I have no idea! Just a sponge cake that my old lady friend made :8855: I'm not entirely sure what it was.

I feel really rough this morning - not sure if I'm coming down with something but I just want the world to go away and leave me alone. Having said that I have loads to get done, so I better stop whining and get on with it!

I had another day where I didn't eat properly. Not as bad as the previous day, just not on plan. I think I need to kick my heels up every so often and rebel, so that I can remember why I have to watch what I eat carefully. Today I need to get the halo polish out and work hard at regaining my angel status :)
 
Well my week went wrong half-way through and for no good reason I just went off the rails. I've put on 1lb this week and deserve it. I can't even say, it was worth it as I've had a great time, I haven't and I'm p'd off with myself. Only good thing that I see from this, is that I have come in and owned up to/faced my gain.

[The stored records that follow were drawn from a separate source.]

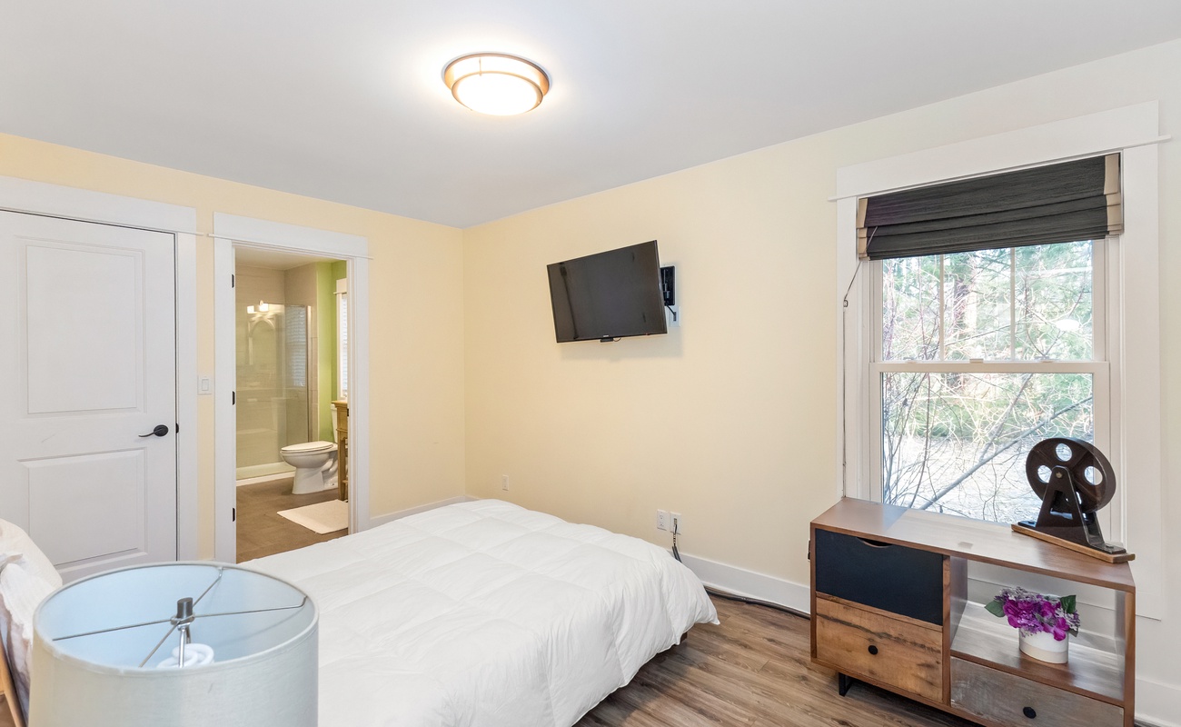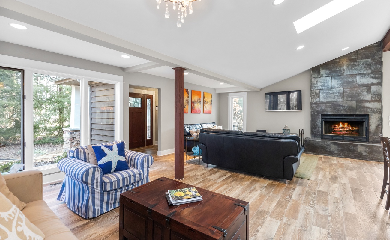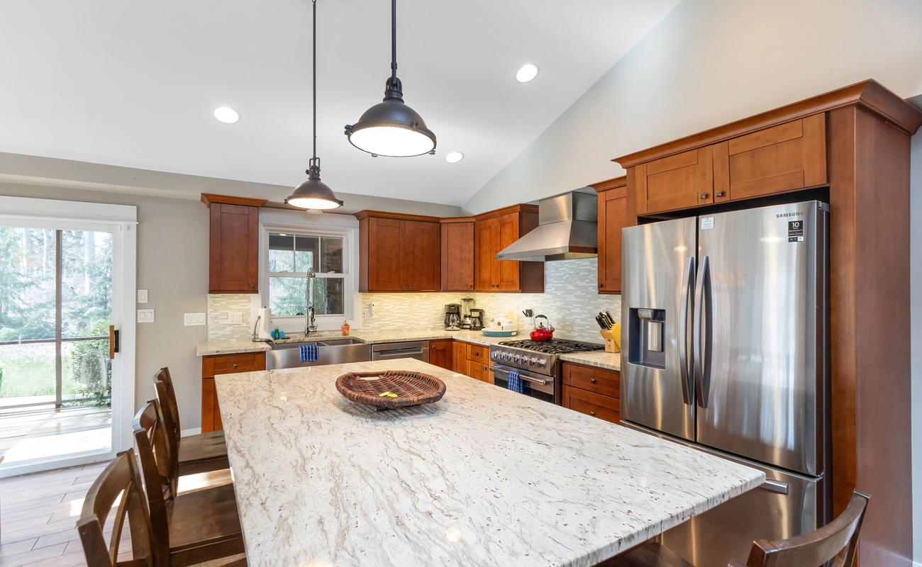 Step inside to a bright and open living space, where the fully-equipped kitchen with a large island flows seamlessly into the cozy living and dining areas. Whether you're prepping a lakeside picnic or enjoying a slow breakfast before a day of adventure, the kitchen is the heart of this home.
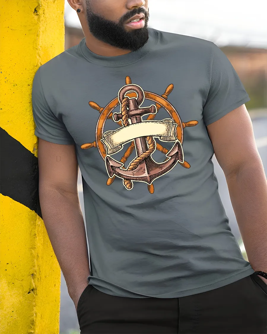 Vintage Nautical Anchor And Ship Wheel Classic Graphic Tshirt is crafted from soft comfortable fabric designed for daily wear.
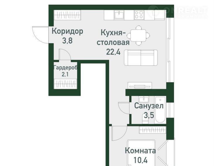 — гостиная с зоной кухни 22,4м2
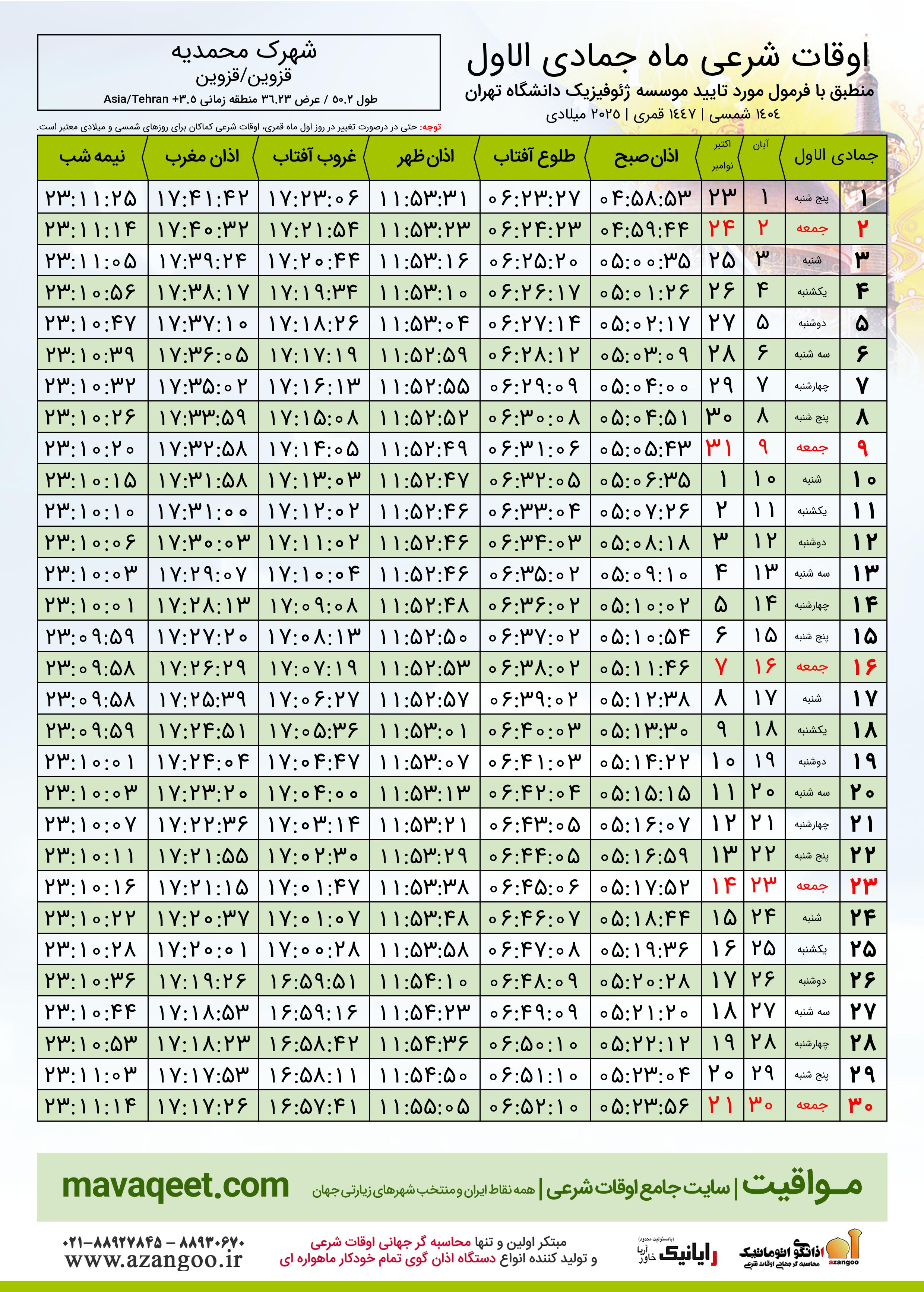 جدول اوقات شرعی جمادی الاول ١٤٤٧ قمری شهر شهرک محمدیه

In other news and perhaps explaining a bit my week being derailed, I'm slowly but surely giving up all hope of finding work. I feel like at 47 I've been consigned to the scrap heap and I can't see a way out.

All I can do is keep plugging a way at it though. It's at times like this that I really miss having my parents.

Good luck to everyone else with the weigh-in! Sorry to have got it off to a bad start - next week will be better! No more old-lady cake for me!
 
Oh Oz so sorry to hear of your gain. Big well done for coming on and fessing up. I have had another emotional week this week so hardly been on but been trying to post up a food diary as regularly as I can. Been sticking to plan but had more syns than normal but still less than 70. I feel fat and bloated and dreading the scales tomorrow but it has to be done. Thinking I might go out for cake if I have gained. I'm missing it. x
 
Oh Oz so sorry to hear of your gain. Big well done for coming on and fessing up. I have had another emotional week this week so hardly been on but been trying to post up a food diary as regularly as I can. Been sticking to plan but had more syns than normal but still less than 70. I feel fat and bloated and dreading the scales tomorrow but it has to be done. Thinking I might go out for cake if I have gained. I'm missing it. x

Cake when you're feeling down doesn't cure anything and just leads you to beat yourself up. Cake when you're celebrating something positive is a whole different matter. Calorie/syn-wise they amount to the same but it's the psychological effect that is different. Sad-cake will lead to more ..... happy-cake is more often a one off treat/reward that you factor in and then can draw a line under. That's my pseudo-psycho-bibble-babble for the day :8855:

You might get a better result than you think, just because you feel bloated doesn't necessarily mean it will be a gain. Just weigh in and if it is a sts or gain, then join me in a week of unrelenting goodness!

Good luck! :fingerscrossed:
 
Cake when you're feeling down doesn't cure anything and just leads you to beat yourself up. Cake when you're celebrating something positive is a whole different matter. Calorie/syn-wise they amount to the same but it's the psychological effect that is different. Sad-cake will lead to more ..... happy-cake is more often a one off treat/reward that you factor in and then can draw a line under. That's my pseudo-psycho-bibble-babble for the day :8855:

You might get a better result than you think, just because you feel bloated doesn't necessarily mean it will be a gain. Just weigh in and if it is a sts or gain, then join me in a week of unrelenting goodness!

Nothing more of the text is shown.